The designer of this stove was a genius."
BGO star*gazer, 0/0/00
"I bought my first Svea 123 with the sigg tourist cookset in 1973 and it has performed flawlessly in the cascades in wash. The trick is in getting it started but once it gets going it the best.I've picked up two more sets on e-bay.
Optimus also makes a cookset similar to Siggs."
"I acquired my Svea 123 in 1969 from my older brother. He was very much into climbing and backpacking with as light a weight as possible. So he went on to a lighter stove for those purposes. My Svea 123 also came with the Sigg Tourist Cookset. A wonderful companion for the 123. If you don’t have one for your 123 consider getting one. They don’t make them anymore so an online auction may be a good place to find the Sigg Tourist Cookset. I’m currently in the process of replacing my Sigg Tourist Cookset as I’m writing this review. My 123 is still working very well and my Sigg Tourist Cookset has served me for over 35 years. That’s right…I said 35 years. There’s not too much equipment out there that I can say that about.

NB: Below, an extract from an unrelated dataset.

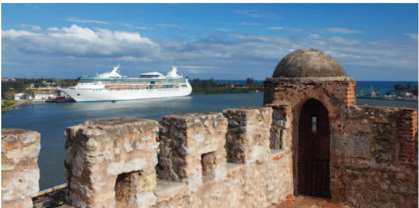
Torre del Homenaje, Fortaleza Ozama

Dans la capitale, on peut célébrer des congrès réunissant plus de 2,000 personnes dans les grands salons des principaux hôtels tels que le Dominican Fiesta et le Renaissance Jaragua. Les hôtels Occidental El Embajador, Meliá Santo Domingo, Barceló Santo Domingo, Holiday Inn Santo Domingo, Courtyard Santo Domingo, Hilton Santo Domingo y el Intercontinental V Centenario offrent aussi des facilités pour

I backpacked for a few years and also got interested in motorcycles. Today I still go motorcycling and motorcycle camping. I would not leave home without it. My biker buddies are just amazed when I fire it up for my morning coffee. They gather around and wait for their coffee too. The Svea 123 has NEVER let me down. There have been a few hard starts or quirks but if you own one you know that it takes a little bit of an art to start. I love the purrrrr sound of the stove. If you own one then you know what I’m talking about. It kind of reminds me of my Harley. When I go vehicle camping I take my two burner Coleman and always take my Svea 123 as a backup or just for coffee.

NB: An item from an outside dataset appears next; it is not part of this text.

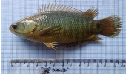
Gambar 4.6a Ikan papuyu
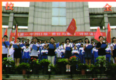
“责任与奉献”诗朗诵活动

If you are reading this review and looking for a very sturdy, dependable and all weather compact stove, then consider the Svea 123.
"Svea 123 is like a lot of things in life- you either love it for its positives or hate it for its negatives. Nothing is perfect. On the plus side, you will never have a rusty eyesore to look at, unlike most pieces of rust-prone junk on the market. When they're long in the junk yard, a 100-year-old brass Svea 123 will still be a piece of art. It is the original and quintessential backpacker and if they ever stop making them, (and that day is close at hand)they will be worth a lot of cash. On the minus side, having to remove the windshield and the hands-on contact of priming this thing gets you a little too close for actual comfort. I have found the easiest way to prime it in cold weather is to lay one-half a trioxane pellet right on top of the burner plate and light it. Wind has no effect on the pellet which keeps right on burning as you open the valve to check if its properly pre-heated. If not, just close it and wait a while lomger before opening the valve again. Sometimes, the pellet is still burning after the stove has reached operating temperature and is whirring away with its miniature helicopter sound-no problem, the pellet burns fully and the ash blows away in the wind."
Jim Smith, 0/0/00
"I never even heard of Svea stoves until I just picked up this Svea 123 at a yard sale. I figured for 50 cents I would take a chance on it. I have never been so impressed in my life. It took a little while to figure out how it worked since I had no instructions and did not find this site until later, but I got it going and it works fantastic. I cant wait to get it into the woods to see just how well it performs. From all the reviews I have read it will surpass all my expectations."
Dan J, 0/0/00
"I bought a Svea in 1975 and about the same time bought a "Pak-cook" Taiwanese knock off of the same thing. I also eventually bought the pump accessory and used it on both. They have both worked quite well, though I am ditching the Pak-Cook clone because the seals have not stood up to the vagaries of gasoline (white gas, i mean) particularly well. But as far as, size, weight, reliability and heat output, I love the design.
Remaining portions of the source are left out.